WORK TO BE COMPLETED: Below are the records; extract from them the line containing "清爽一页纸、信息四页纸、表格" to the line containing "Łóżko Adelle zachwyca", both lines included, exactly and with no pictures.

** Opening DATA SUPPLIED block **

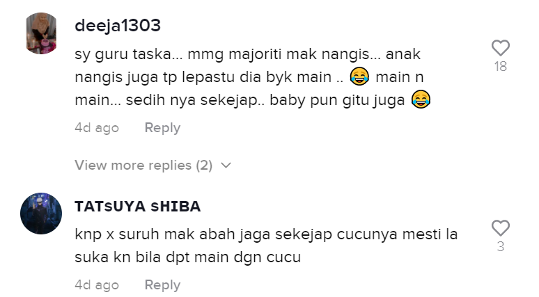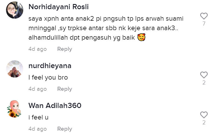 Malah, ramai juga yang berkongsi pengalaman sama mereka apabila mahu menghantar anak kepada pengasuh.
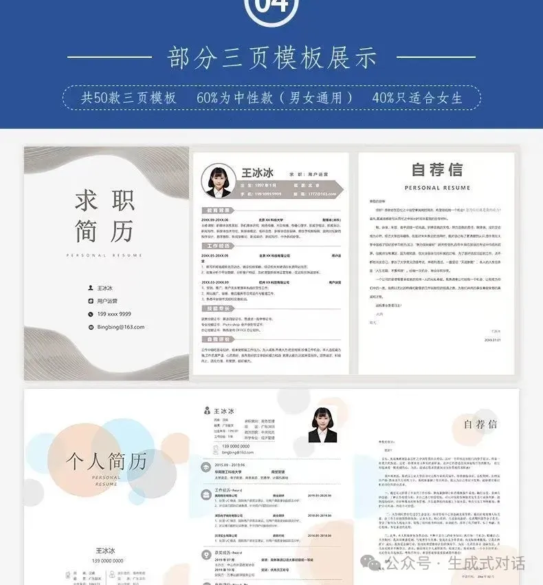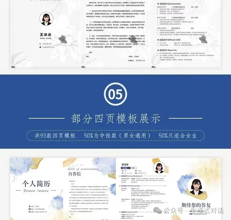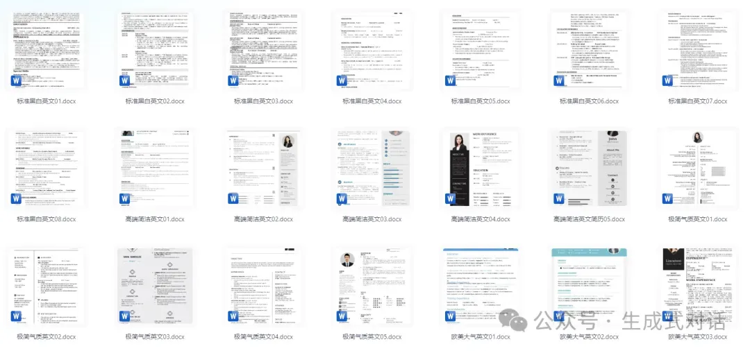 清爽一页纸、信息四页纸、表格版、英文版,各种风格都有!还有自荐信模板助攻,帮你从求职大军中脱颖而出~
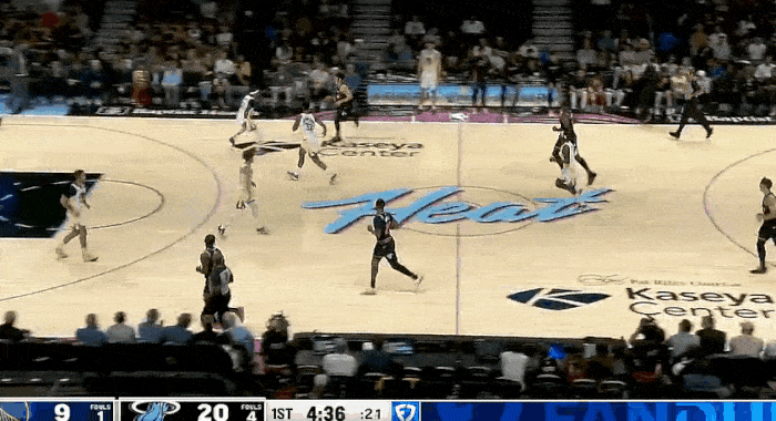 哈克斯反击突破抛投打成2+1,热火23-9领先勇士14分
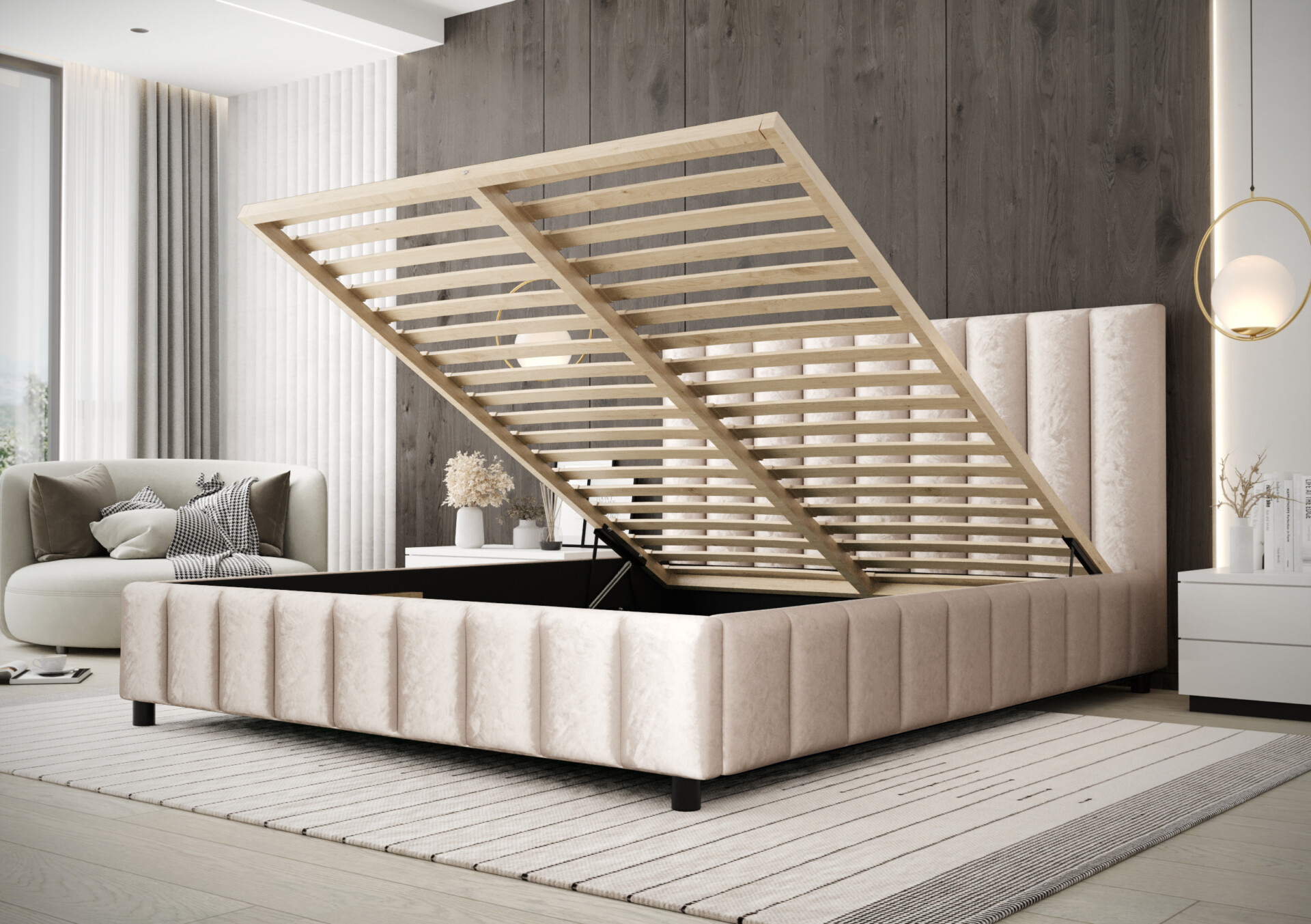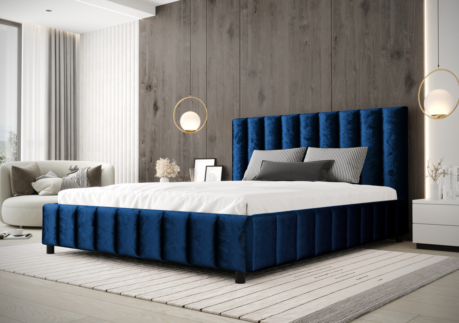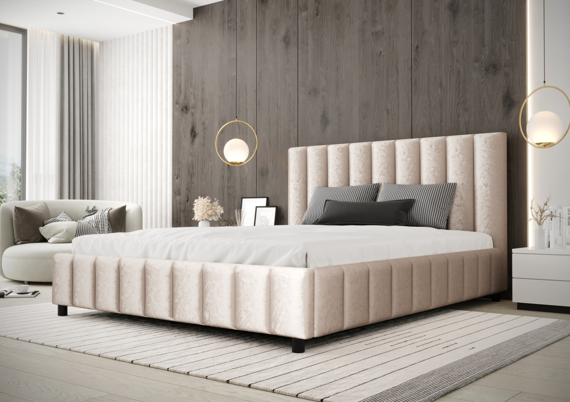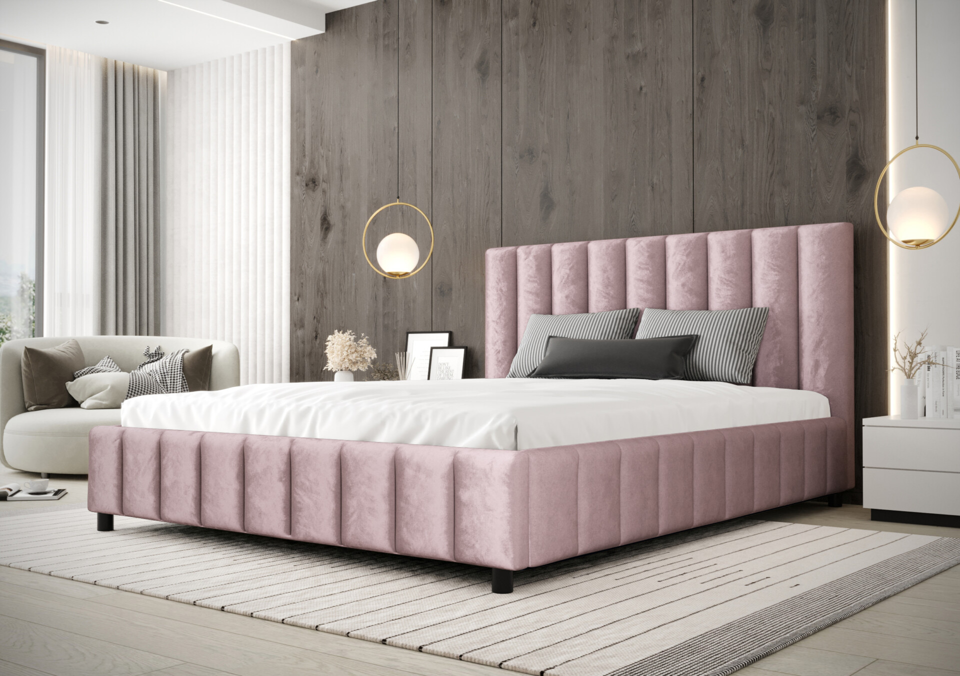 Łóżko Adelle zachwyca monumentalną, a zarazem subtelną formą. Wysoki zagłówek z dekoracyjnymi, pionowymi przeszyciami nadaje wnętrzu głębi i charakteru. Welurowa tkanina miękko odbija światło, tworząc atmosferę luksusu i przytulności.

** Closing DATA SUPPLIED block **
** Opening DATA SUPPLIED block **

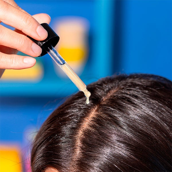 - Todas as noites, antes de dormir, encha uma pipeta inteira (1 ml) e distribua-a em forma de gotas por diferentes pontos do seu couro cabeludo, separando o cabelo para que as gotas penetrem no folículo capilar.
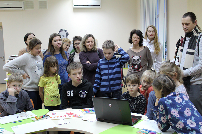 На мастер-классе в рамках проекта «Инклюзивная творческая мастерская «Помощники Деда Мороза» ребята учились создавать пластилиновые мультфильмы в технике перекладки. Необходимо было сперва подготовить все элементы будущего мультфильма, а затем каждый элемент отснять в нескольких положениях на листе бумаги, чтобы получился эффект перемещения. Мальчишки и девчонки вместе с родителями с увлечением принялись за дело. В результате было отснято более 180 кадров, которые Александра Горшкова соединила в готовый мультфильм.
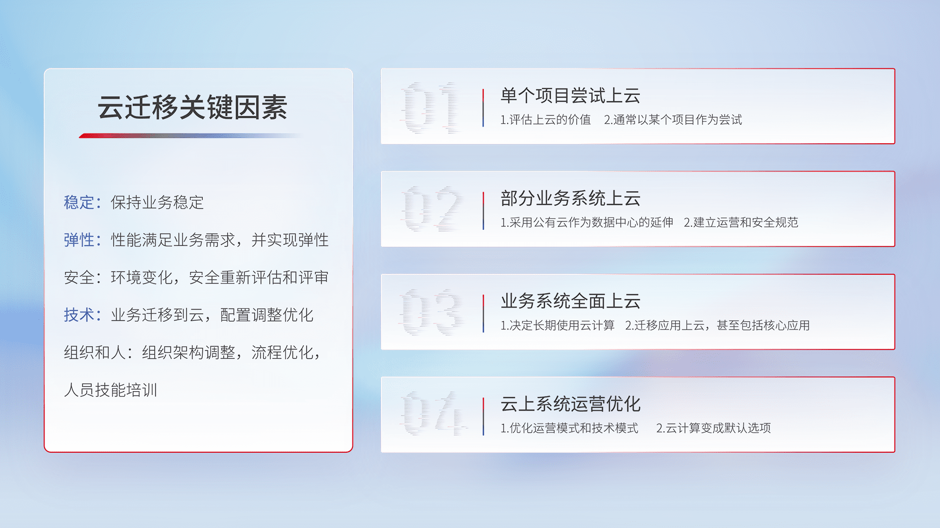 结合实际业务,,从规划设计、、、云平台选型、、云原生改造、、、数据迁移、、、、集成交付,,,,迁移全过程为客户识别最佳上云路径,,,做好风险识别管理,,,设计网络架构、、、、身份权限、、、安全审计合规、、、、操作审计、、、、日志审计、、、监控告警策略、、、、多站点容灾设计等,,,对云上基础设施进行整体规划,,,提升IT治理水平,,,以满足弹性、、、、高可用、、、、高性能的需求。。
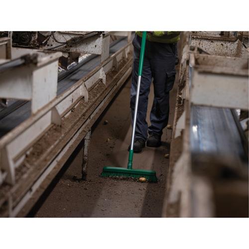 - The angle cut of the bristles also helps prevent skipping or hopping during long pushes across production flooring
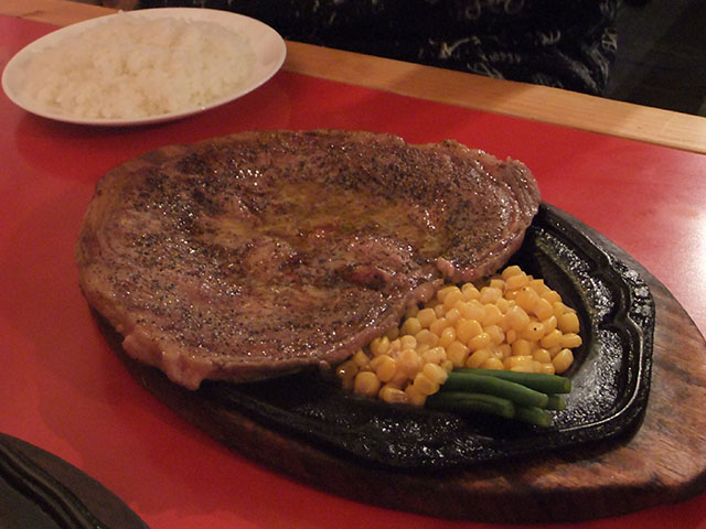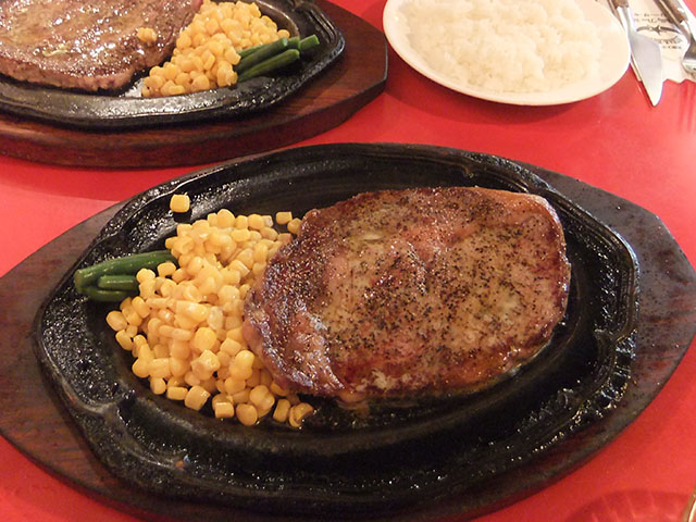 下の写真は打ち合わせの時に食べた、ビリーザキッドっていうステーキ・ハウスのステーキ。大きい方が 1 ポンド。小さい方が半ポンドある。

** Closing DATA SUPPLIED block **
** Opening DATA SUPPLIED block **

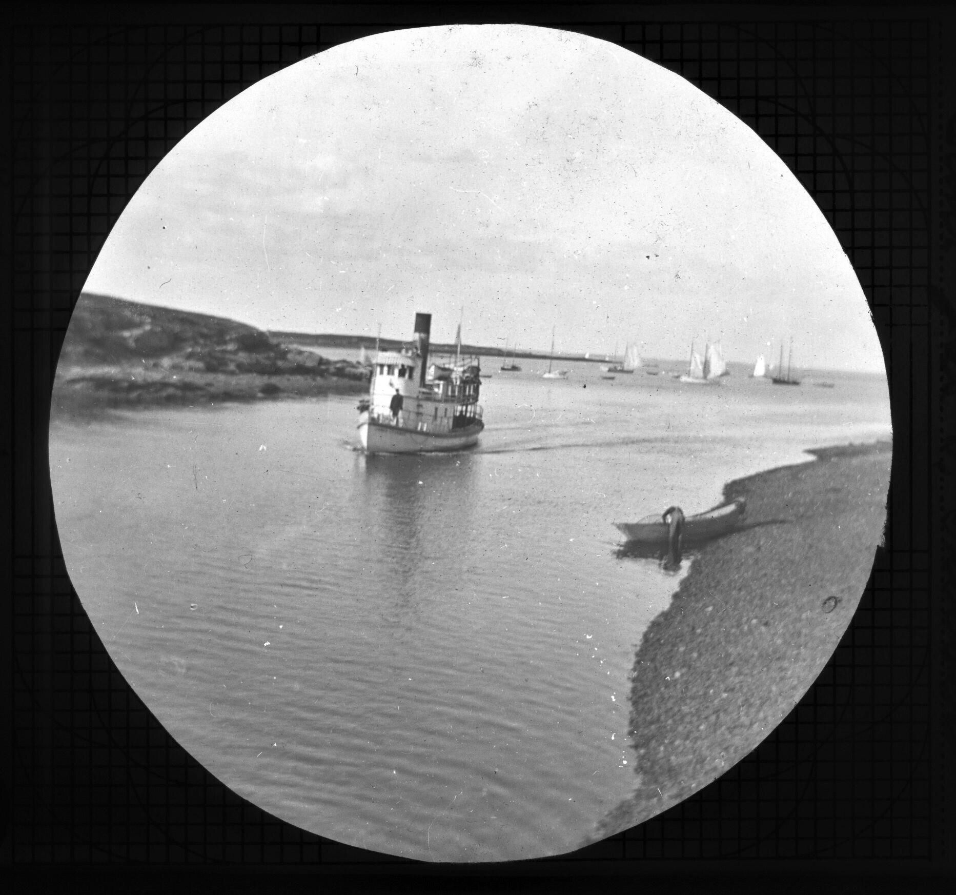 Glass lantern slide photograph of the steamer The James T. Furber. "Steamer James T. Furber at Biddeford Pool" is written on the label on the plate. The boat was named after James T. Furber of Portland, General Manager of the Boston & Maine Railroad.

** Closing DATA SUPPLIED block **

ANSWER TO THIS EXERCISE:
 清爽一页纸、信息四页纸、表格版、英文版,各种风格都有!还有自荐信模板助攻,帮你从求职大军中脱颖而出~
 哈克斯反击突破抛投打成2+1,热火23-9领先勇士14分
 Łóżko Adelle zachwyca monumentalną, a zarazem subtelną formą. Wysoki zagłówek z dekoracyjnymi, pionowymi przeszyciami nadaje wnętrzu głębi i charakteru. Welurowa tkanina miękko odbija światło, tworząc atmosferę luksusu i przytulności.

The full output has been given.